Intermediate calculations from:

letters=list(
x1=c(0,3,6,9,12),
x2=c(0,1,2,5,6,7,8,9,12,13,14),
x3=c(0,1,2,5,6,7,8,11,12,13,14),
x4=c(0,2,3,5,6,7,8,11,14),
x5=c(0,1,2,3,6,7,8,11,12,13,14),
x6=c(0,1,2,3,6,7,8,9,11,12,13,14),
x7=c(0,1,2,5,8,11,14),
x8=c(0,1,2,3,5,6,7,8,9,11,12,13,14),
x9=c(0,1,2,3,5,6,7,8,11,12,13,14),
x0=c(0,1,2,3,5,6,8,9,11,12,13,14)
)
sapply(letters,function(letter){trunc(10*(var(letter)+median(letter)))%%28})

Answer 7

Jelly,  31  28 bytes

^{Yes, it's very similar to Unrelated String's, but it's slightly different and was completely independently found.}

O%15Żı*ÄÆi_Ṃ$QṢ“X|cE’Dṭ⁽½ȯ¤ḥ

Try it online!

If a larger salt (which is also less than \$250^6\$) for the hash built-in is found which removes the need to permute \$[0,9]\$ (making “X|cE’Dṭ⁽½ȯ¤ḥ become “?????’,⁵¤ḥ’) we get 27 (or less).

How?

O%15Żı*ÄÆi_Ṃ$QṢ“X|cE’Dṭ⁽½ȯ¤ḥ - Link: listof characters
O%15                         - mod 15 of ordinals
    Ż                        - prepend a zero
     ı*                      - root(-1) raised to each of those
       Ä                     - cumulative sums
        Æi                   - convert each to [real, imaginary]
          _Ṃ$                - subtract of the minimum from each
             Q               - distinct values
              Ṣ              - sort
                          ¤  - nilad followed by link(s) as a nilad:
               “X|cE’        -   1398462570
                     D       -   to decimal digits (our domain)
                       ⁽½ȯ   -   3742 (our salt)
                       ṭ     -   tack -> [3742,[1,3,9,8,4,6,2,5,7,0]]
                           ḥ - hash (the sort results using that [salt, domain])

---

Previous version at 31 bytes using no built-in hash function...

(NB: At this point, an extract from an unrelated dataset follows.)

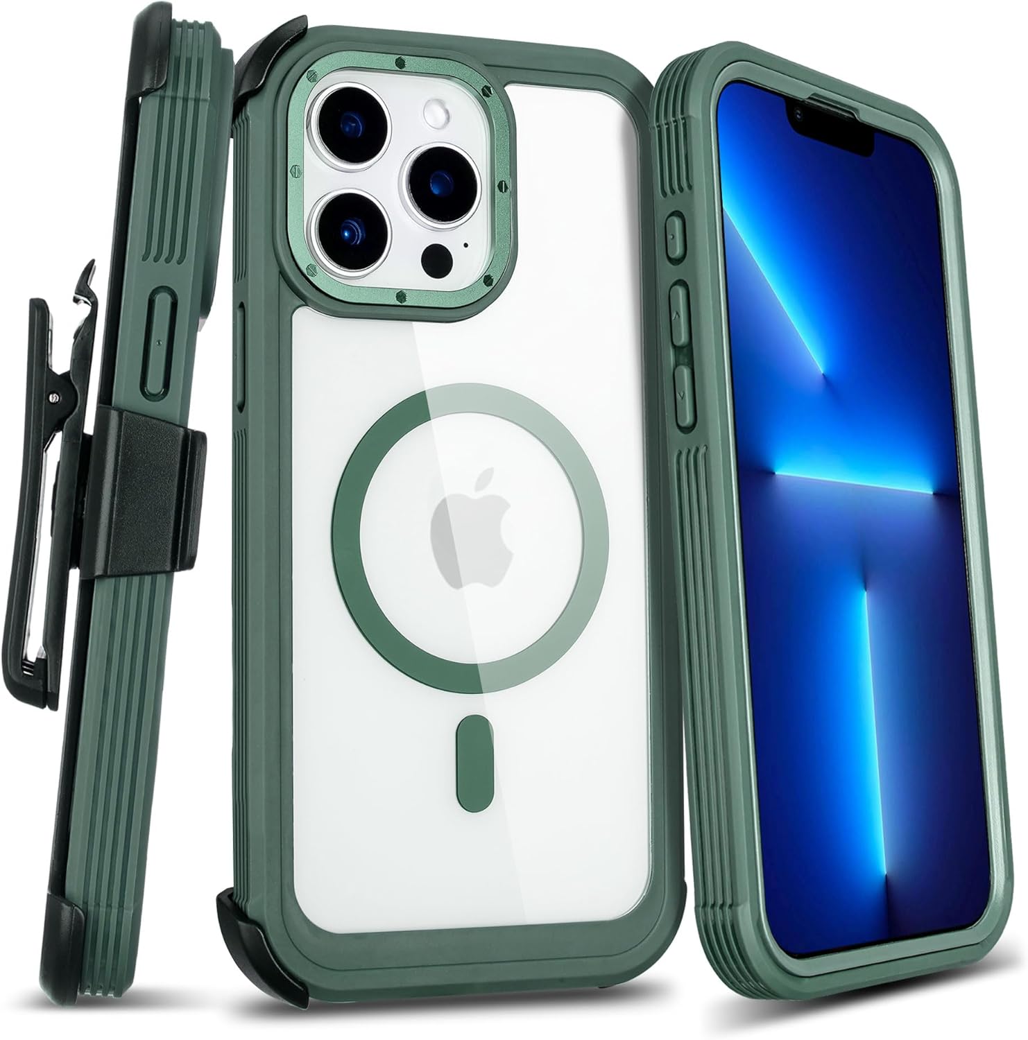 Defender for Clear iPhone 13 Pro Max Case with Belt Clip Holster, Compatible with MagSafe, Anti-Yellowing, Full-Body Phone Cover for iPhone 13 Pro Max Case (Clear & Green)

O%15Żı*ÄÆi_Ṃ$QṢFḞḌ%⁽¥Ƭị“ċḞƒø’D¤

A monadic Link accepting a list of characters which yields an integer in \$[0,9]\$.

Try it online!

How?

O%15Żı*ÄÆi_Ṃ$QṢFḞḌ%⁽¥Ƭị“ċḞƒø’D¤ - Link: listof characters
O%15Żı*ÄÆi_Ṃ$QṢ                 - as above
               F                - flatten
                Ḟ               - floor (so Ḍ gives an integer rather than a float)
                 Ḍ              - convert from base ten
                  %⁽¥Ƭ          - modulo 2153
                       “ċḞƒø’D¤ - decimal digits of 3652914780
                      ị         - 1-indexed modulo index into

Answer 8

R, 217 200 192 bytes

(or only 169 bytes by stealing Arnauld's modulo chain to get the final digit without a look-up table...)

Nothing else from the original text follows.